When I was growing up, my mother would always make me eat a bowl of chicken soup whenever I was sick. She would open a can, heat it on the stovetop and serve it to me with saltine crackers. I can’t remember if the soup ever made me feel better or not and I don’t recall it being particularly good. I just know that I always associated chicken soup with being sick. 

As a result, I always viewed chicken soup as more of a medicine than as a food to be enjoyed. 

Until I became the Foursquare Mayor of a Mexican restaurant. 

When El Ranchero opened up just a few blocks from our house, it became our go-to place to eat whenever we didn’t feel like cooking. We probably eat there about twice a week (when I’m in town). 

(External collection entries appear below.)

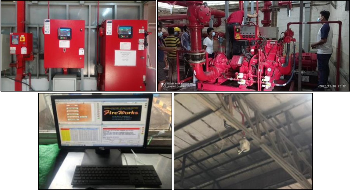
အလိုအလျောက်မီးသတ်စနစ်တပ်ဆင်ထားမှု

စီမံကိန်းလည်ပတ်သည့်ကာလအတွင်း ဝါယာလျှော့ဖြစ်ခြင်း၊ လောင်စာများစနစ်တကျ သိုလှောင်မထားခြင်း၊ ကုန်ကြမ်းနှင့် ကုန်ချောများစနစ်တကျမရှိခြင်း၊ လောင်စာဆီယိုဖိတ်ခြင်း စသည့် ပေါ့ဆမှုများနှင့် မတော်တဆမှုအမျိုးမျိုးကြောင့် မီးလောင်ကျွမ်းမှုများ ဖြစ်ပွားနိုင်ပြီး ထိုသို့ မီးလောင်ကျွမ်းပါက စီမံကိန်းလုပ်ငန်းအပြင် နီးစပ်ရာသို့ပါလောင်ကျွမ်းပြီး အသက်အိုးအိမ်စည်းစိမ်များ၊ ဆုံးရှုံးမှုများ ဖြစ်ပေါ်နိုင်စေပါသည်။ ထိုသို့ ဖြစ်ပွားခြင်းမရှိစေရန် လျှပ်စစ်ဝါယာကြိုးများအား ပုံမှန်စစ်ဆေးခြင်း၊ လောင်စာဆီများဖိတ်လျှိုပါက ပျံ့နှံ့ သွားခြင်းမရှိစေရန် မြောင်းစနစ်များထားရှိခြင်း၊ ကုန်ကြမ်းကုန်ချောများ စနစ်တကျသိုလှောင်ထားရှိခြင်း၊ အလို လျှောက်မီးငြိမ်းသတ်စနစ်များ တပ်ဆင်ထားရှိခြင်း၊ မီးသတ်ဆေးဗူးများအဆင်သင့်ဖြစ်နေစေရန် စီစဉ်ထားရှိ ခြင်း၊ မီးသတ်ဌာနနှင့် ဆက်သွယ်၍ စီမံကိန်းရှိဝန်ထမ်းများအား သင့်လျော်သည့် သင်တန်းများပေးအပ်ခြင်း တို့ကို ဆောင်ရွက်ထားပါသည်။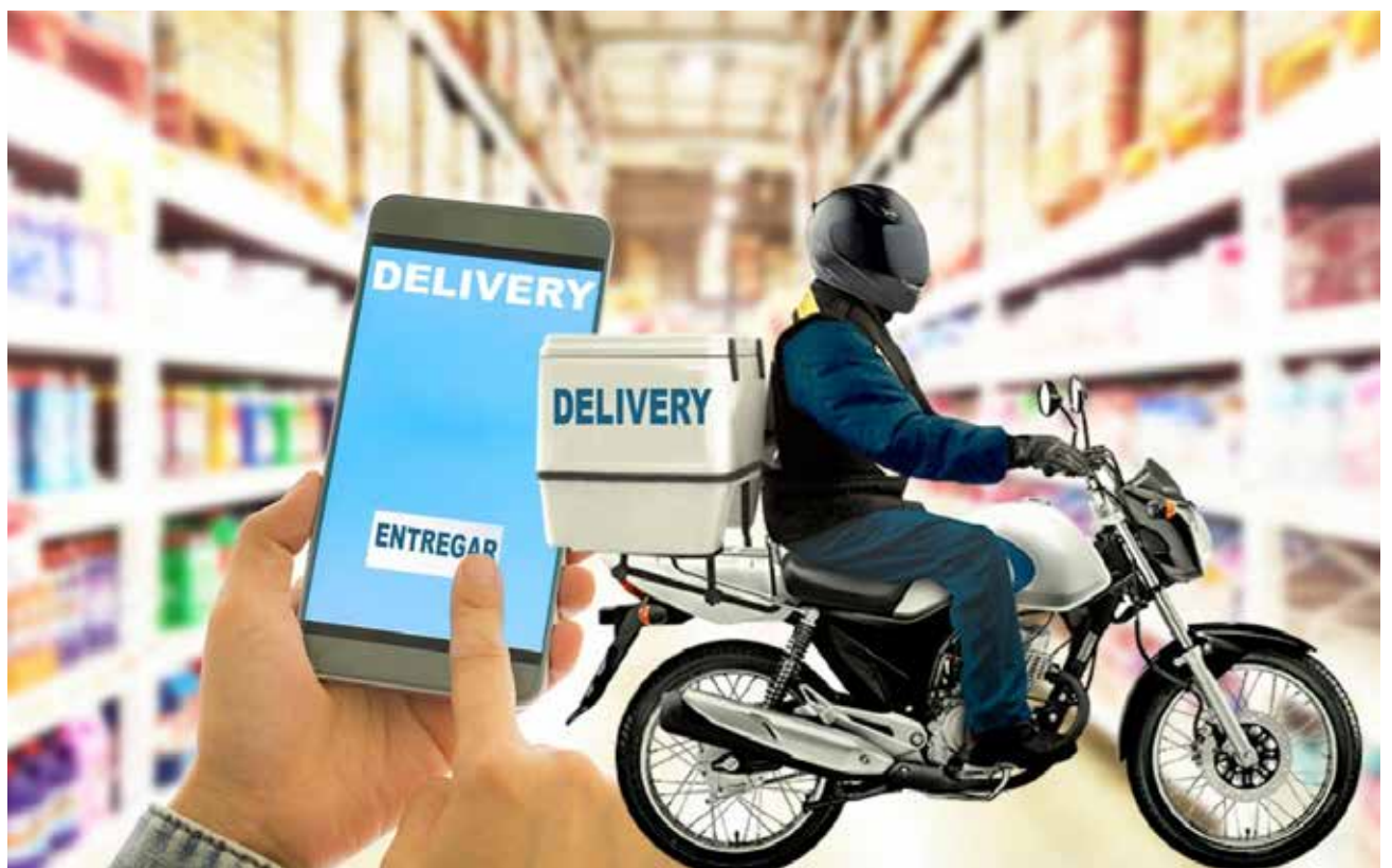
Segundo o superintendente da CDL Cuiabá, Fábio Granja, o delivery foi uma revolução, pois anteriormente era utilizado apenas pelo setor alimentício

De acordo com Fábio, houve uma percepção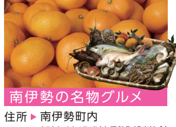
南伊勢の名物グルメ 住所 ▶ 南伊勢町内 TEL ▶ 0599-66-1717(南伊勢町観光協会) 熊野灘に面し、県下一の水揚げを誇る南伊勢で新鮮な魚介類はもちろん、山の恵みもとことん味わおう!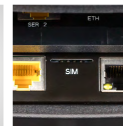
Conexión directa a la nueva Antena Orderman sin fuente de alimentación (PoE) (opcional)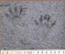
湿地に残ったアライグマの足跡。 ◀左：前足 右：後ろ足

森林の水辺を好み、農耕地や市街地周辺にも出没します。特にため池の流入部、樹林内の湿地や溪流などで多く確認されています。夜行性で昼間は暗い所に隠れているためあまり目撃されることはありません。行動圏は 40～100ha と言われています。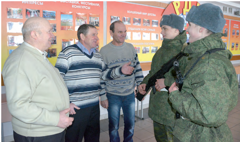
Красненским «афганцам» было что рассказать воспитанникам военно-патриотического клуба «Пересвет».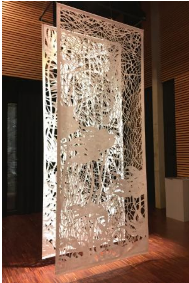
Zeewierwoud, 2020 Gesneden Tyvek, 60x143x334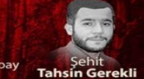
Şehit Tahsin Gerekli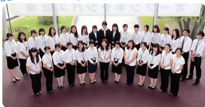
オープンキャンパスでは、在学生(☆山スタ☆)が受付やキャンパス 見学ツアーのガイドとしてみなさんをご案内します。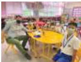
Our Kid Scientists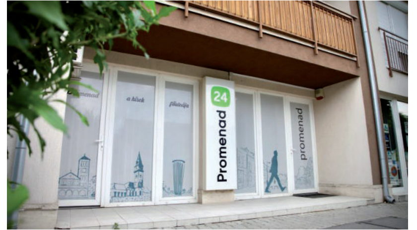
DRASZTIKUSAN LECSÖKKENT A SZERKESZTŐSÉG LÉTSZÁMA, EGYES INFORMÁCIÓK SZERINT KETTEN MARADTAK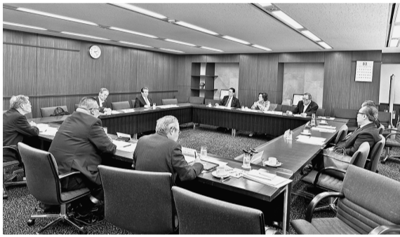
3月13日に全国生衛会館で開かれた正副会長会議

全社連の令和5年度正副会長会議は、第5回を2月7日、沖縄県組合の事務所、総務部長、経理部長などが出席した。第6回は3月13日に東京の全国生衛会館で開催。正副会長、執行部(専務理事、総務部長、経理部長)などが出席した。

Several years ago, I was suffering from a sinus infection and a scratchy throat. I really didn’t have much of an appetite but I knew I needed something to eat, so for the first time, I ordered El Ranchero’s chicken tortilla soup. It was the best soup I had ever eaten! I can’t say if the soup had any healing properties, but I can say that it was memorable enough that I wanted it again. 

Being a foodie, I felt compelled to experiment at home with the ingredients that I thought was in the soup so I could make it for myself. After a few tries, I finally perfected it. In fact, I like my version a little better than El Ranchero’s (please don’t tell ‘em). Now it has become one of our go-to dishes for entertaining, watching football, and of course, for any time we’re feeling under the weather. 

INGREDIENTS

2 chicken breasts
2 quarts of chicken broth
1 chicken foot (optional – for good luck)
4 diced tomatoes
2 diced onions
2 diced jalapenos (optional – for extra heat)
4 limes
8 sprigs of fresh cilantro (chopped)
2 avocados (thinly sliced wedges)
4 corn tortillas
corn oil or canola oil
salt & pepper to taste

SOUP DIRECTIONS

  1. In a large pot, simmer the chicken breast in the chicken broth for about 5 minutes
  2. Remove the breast from the broth
  3. Reduce to medium heat, add tomatoes and onions & optional jalapenos
  4. Shred the chicken breasts and return to the pot
  5. Add salt, pepper and the juice of 4 limes
  6. Let the soup cook for about 20 minutes
  7. Top with cilantro and avocados
  8. Add tortilla to each individual serving to maintain some crunchiness
  9. Just for fun, I’ll sometimes throw in a chicken foot whenever we’re entertaining guest

Tortilla Strips Directions

  1. Slice tortillas into thin strips.
  2. Pan fry in canola or corn oil until crispy
  3. Remove and place on paper towel to absorb excess oil
  4. Salt to taste

What’s your favorite way to prepare chicken?